[SOLVED] How to set a fixed random state in RandomizedSearchCV?

How to set a fixed random state in RandomizedSearchCV?

I'm using RandomizedSearchCV with RandomForestClassifier in scikit-learn. I want to make sure my results are reproducible across runs. Where should I set the random_state—in the classifier, in RandomizedSearchCV, or both?

Example code:

from sklearn.ensemble import RandomForestClassifier
from sklearn.model_selection import RandomizedSearchCV

clf = RandomForestClassifier()
search = RandomizedSearchCV(clf, param_distributions=params, n_iter=10)

What's the best practice to ensure consistent results?

Solution

You can perform a simple test using as a starter code given in the RandomizedSearchCV examples.
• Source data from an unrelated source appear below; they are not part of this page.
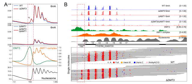 图3. DMT3去除AMT1在TSS处添加的6mA。(A)6mA、DMT3、AMT1复合体以及核小体的基因组分布特征;(B)代表性基因座的6mA、DMT3、AMT1复合体以及核小体分布特征。
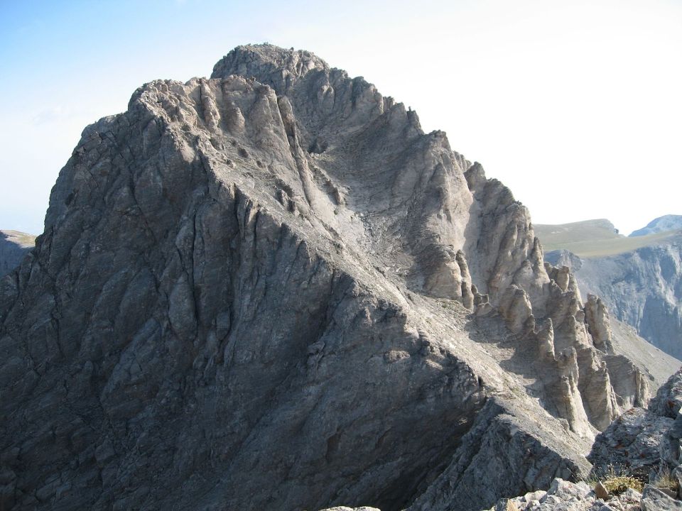 Olymp: Der höchste Gipfel ist der Mytikas (auch: Mitikas) (2918 m), gefolgt von den Gipfeln Skolio (2911 m), Stefani (2909 m, gelegentlich als „Zeusthron“ bezeichnet) und Skala (2866 m). Zwischen Skala und Mytikas befindet sich Kakoskala, ein Grat, über den der Mytikas durch leichte Kletterei erreicht werden kann. Auf dem Nebengipfel Profitis Ilias befindet sich die höchstgelegene Kapelle der Balkanhalbinsel. Der Gebirgsstock weist eine ganz eigene Flora und Fauna auf. Deshalb wurde er schon 1938 unter Naturschutz gestellt und 1981 von der UNESCO zum Biosphärenreservat erklärt. Text Wikipedia.
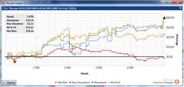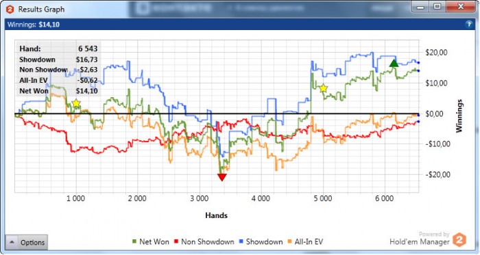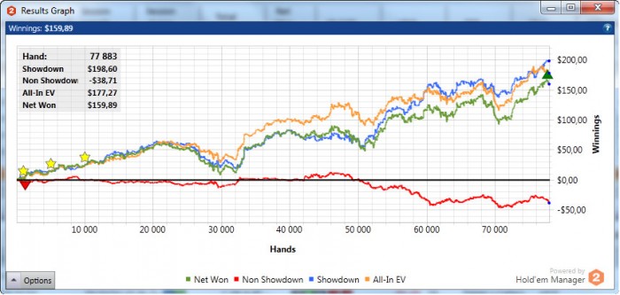 Отыграл 3 сессии. Во время первых двух играл не оптимально, по истечению которых (2к рук) откатал в ноль Очень подпортил красную Перед сном решил покатать еще немного (653 руки). Получилось неплохо И красную около нуля держал)
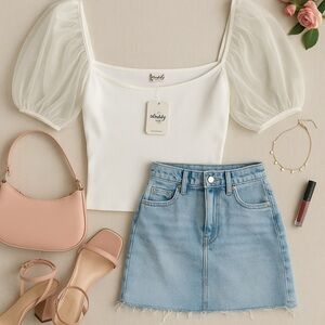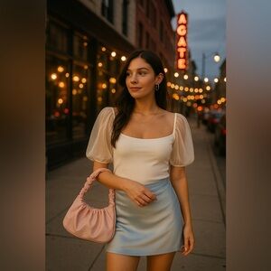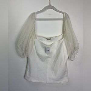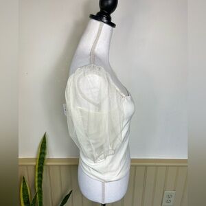 New with tags from Free People’s Intimately line, this soft and feminine ivory top is the perfect blend of romantic and modern. With sheer puff sleeves, a flattering square neckline, and a slim-fit cotton blend body, it’s ideal for dressing up or down.
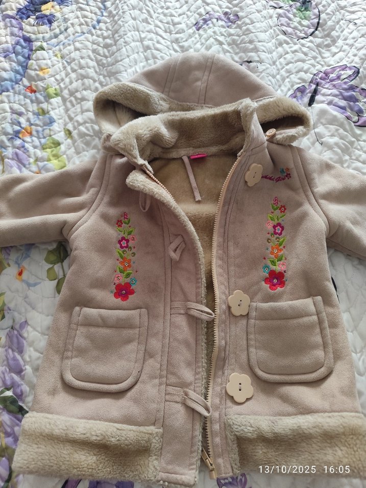 Nakışlı çiçek desenleri ve düğmeli kapaması olan, yumuşak ve sıcak iç yüzeyli kahverengi kız çocuk montudur. Trendy casual tarz için uygundur.
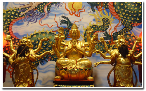 佛界按時間先後排列「三世佛」,按空間劃分亦有「三世佛」,而這兩種三世佛皆以 釋迦牟尼佛為中心。 釋迦牟尼佛的左脅侍為 文殊菩薩,文殊代表「大智」,其坐騎青獅,象徵智慧威猛,能降伏一切邪魔。右脅侍 普賢菩薩,普賢代表「大行」,坐騎大象,象徵威靈。 釋迦牟尼佛不停地到處傳道佈教,直到八十歲高齡,安祥地逝世。
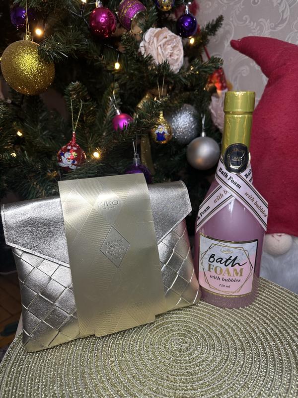 Чудовий подарунок для кожної жінки 1варіант: -Косметичка Кіко + двосторонній блиск помада + лак для нігтів + піна для ванної 2варіант: -Набір з трьох базових помади Кіко + піна для ванної
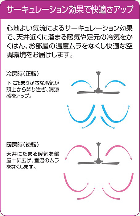 冷房時と暖房時で回転方向を切り替え、快適な空調環境をお届けします。。

In the code, a random_state is set both, in the classifier, as well as in the RandomizedSearchCV. Writing a loop with let's say 50 iterations and printing outcomes, that is .best_params_ will show the following:

setting random_state both in RandomizedSearchCV and classifier/regressor will always give the same outcome
setting random_state in just one of those will provide different outcomes across iterations.

So the conclusion is, that if you need reproducibility, you need to set this parameter in both places as in both places separate random generators are used.

Also it is worth to check some more information on the used numbers from this post, as well as official glossary concerning random_state.

The code:

from sklearn.datasets import load_iris
from sklearn.linear_model import LogisticRegression
from sklearn.model_selection import RandomizedSearchCV
from scipy.stats import uniform

iris = load_iris()
for i in range(50):
    logistic = LogisticRegression(solver='saga', tol=1e-2, max_iter=200 ,random_state=0) 

    distributions = dict(C=uniform(loc=0, scale=4),
                     penalty=['l2', 'l1'])

    clf = RandomizedSearchCV(logistic, distributions, random_state=0)

    search = clf.fit(iris.data, iris.target)
    print(search.best_params_)